I love velvet: Its cut pile texture is unmistakable. Having been associated with nobility for centuries it implies a certain sense of luxury and classicism. Nowadays its variety in colors, composition or pattern makes it the ideal fabric for upholstery in both contemporary and traditional interiors
Velvet was first introduced from Kashmir to the Baghdad caliphs in the 8th century. A century latter it arrived in Andalusia (nowadays Spain) who was then under the dominance of the Umayyads whose empire stretched all the way from northern Africa to Pakistan and throughout the entire Arabic Peninsula. The first European velvets were produced in the Italian cities of Lucca, Genoa, Florence and Venice, and in the sixteenth century the Flemish weavers and the city of Bruges in Belgium became as famous as their Italian counterparts in the production of the fabric.
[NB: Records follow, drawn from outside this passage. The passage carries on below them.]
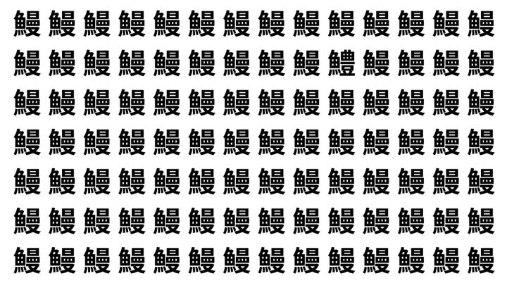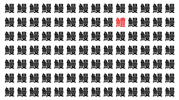 たくさんの「鰻」の中に、よく似た別の漢字が1文字だけ隠れています。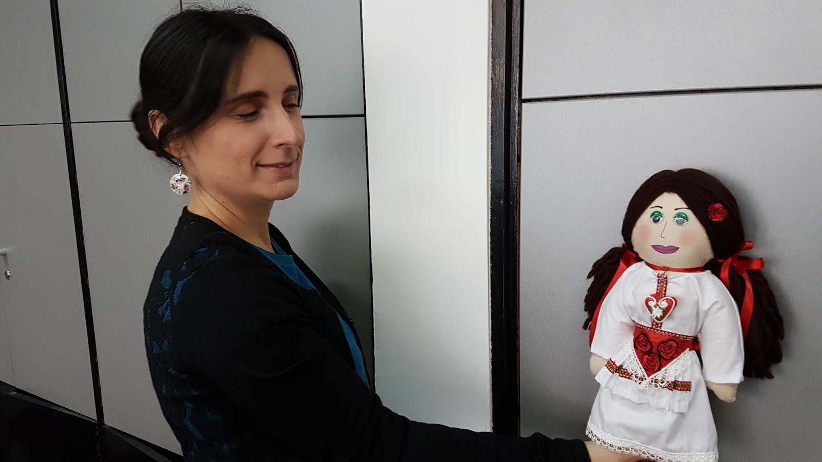 I was realized by teacher Gabriella and her students of Class Two of the primary school in Montorio Romano. They were very happy and proud to make me and everybody was very careful and focused on me in every step of my realization: from the fabric selection to the written text they created to retell the specific procedure followed to realize me.
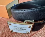 The Louis Vuitton LV Ceinture Inventeur Leather Ivory Damier Graphite 50/125 Belt is a high-end accessory for men, featuring a classic check pattern with gold accents and the iconic LV logo. Made of luxurious leather with a stainless steel buckle, this vintage-inspired belt exudes a Western and dressy style. With a width of 3.5cm and a size of 50cm, it is a versatile piece that can add a touch of sophistication to any outfit. Made in Italy, this belt is a must-have for those who appreciate luxury fashion.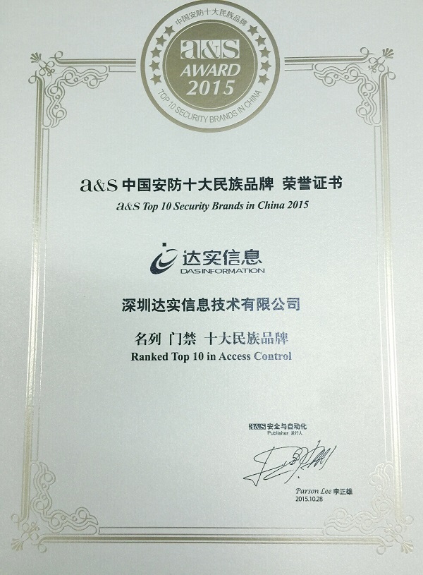 近日,第12届“a&s中国安防十大品牌颁奖暨2015安防发展高峰论坛”在深圳马哥孛罗好日子酒店隆重举行。深圳达实信息技术有限公司(以下简称“达实信息”)自主研发系统“C3门禁一卡通”凭借其设计精密、性能安全等突出优势,在众多参评门禁品牌中脱颖而出,荣获门禁类“a&s中国安防十大民族品牌”。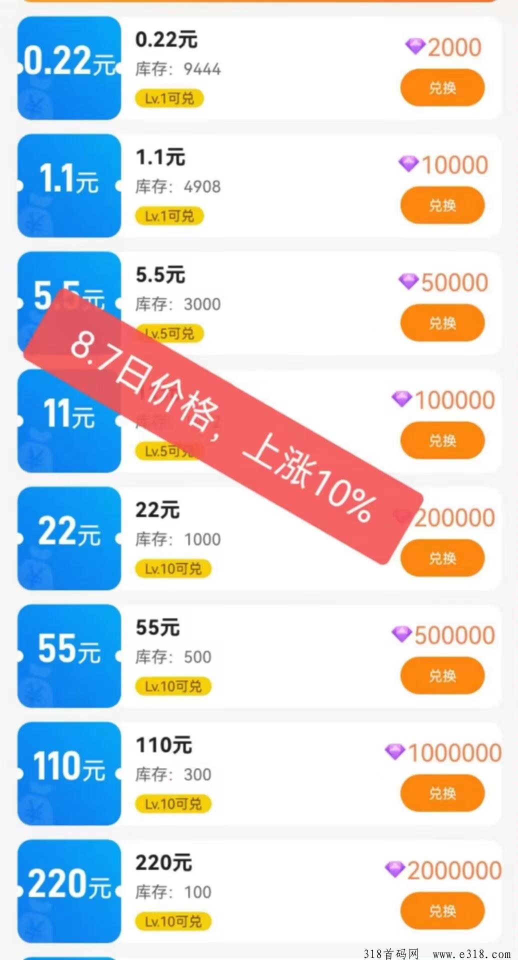 2.根据用户量上涨达50万会进行第二次减产:价格会直接上涨到0.001/个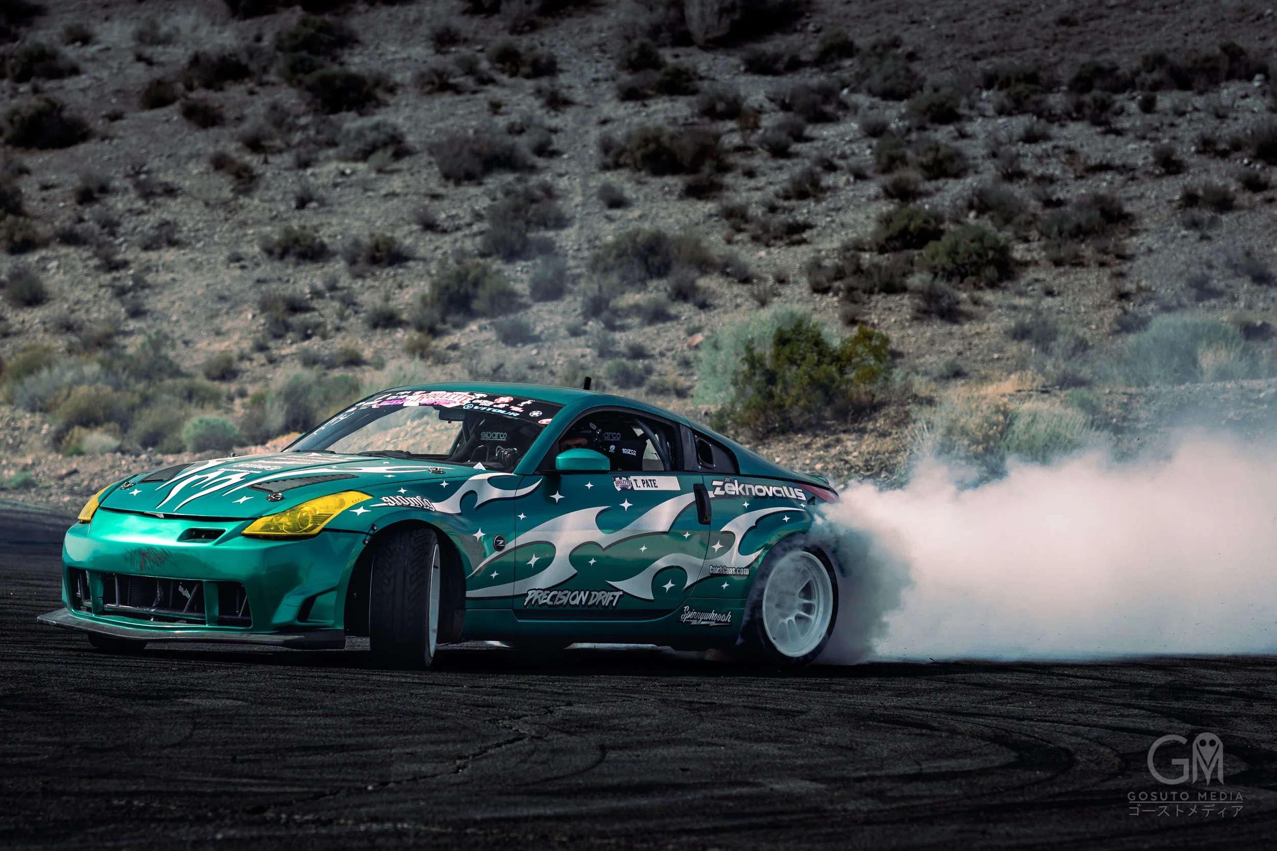 A teal Nissan Z with yellow headlights drifting on a dark asphalt road, creating a cloud of tire smoke with desert bushes and hills in the background.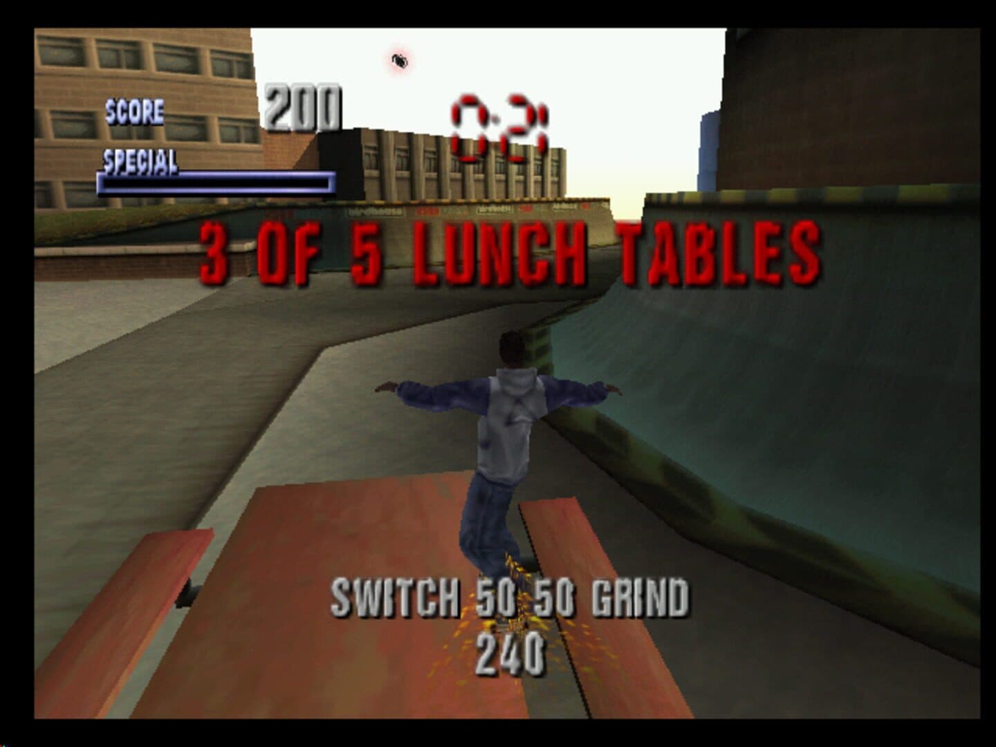Tony Hawk's Pro Skater is a skateboarding simulation in which you control a famous skate star around 3D environments. Each game area contains a plethora of objects like ramps, rails, and half-pipes which can be used to perform tricks. Each trick you perform earns you more points for your score. The game is divided into two types of levels. In the first, you skate around locations like a mall, a city street, or a warehouse. In each of these areas, there are 5 goals to complete. Some goals involve obtaining a high score, others smashing objects and some collecting objects. For every goal you complete, you earn a videotape. By collecting enough videotapes, you unlock levels and skateboards for you to use. There are 6 levels like this. The second type of level is competition. You get to make 3 timed runs through a skate park and attempt to get the highest score possible. If you do well enough, you will beat the scores of the computer-controlled skaters and win a medal. There are 3 levels like this. There are nine real-life pro skaters you can choose to play as, including Tony Hawk himself. Each skater has their own signature moves that earn you big points if pulled off successfully.
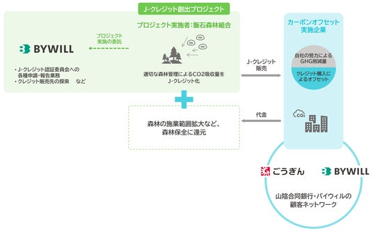 本協定をもとに、バイウィルは飯石森林組合が管理する森林からのJ-クレジット創出について申請手続きを受託・代行し、販売先については山陰合同銀行と協力して探索します。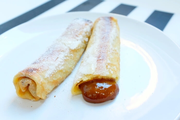 Una vez listos todos los panqueques, a mí me gusta rellenarlos en forma de rollito: poné 2 o 3 cucharadas grandes de dulce de leche en un extremo del panqueque sin llegar a los bordes

I do favor cotton velvet for its incredible color range, it durability, and its almost mat appearance which allows the color to be the focal point and to really shine. One of the companies I work with is the British company Designers Guild well known for its colorful prints and patterns. Their Varese cotton velvet collection features 72 different colors from wonderfully vibrant shades of gold, tangerine or turquoise to beautifully dusty tones like old pinks and dark teal. To illustrate a few of their colors I chose to show you the loft designed by French movie set decorators Etienne et Clorinde Mery who created a joyful interior using a mix of pastel and vibrant fabrics and accessories and upholstering their antique sofa in six different shades of velvet. Wouldn’t you want to move in right away? My suitcase is ready!
Designers Guild Varese Velvet – Bottom left to right: Leaf – Cerulean – Cassis – Coral – Smoke – Top to bottom on the right side: Vanilla – Pale Rose – Viola – Sky
Have a lovely Friday! The weekend is almost there.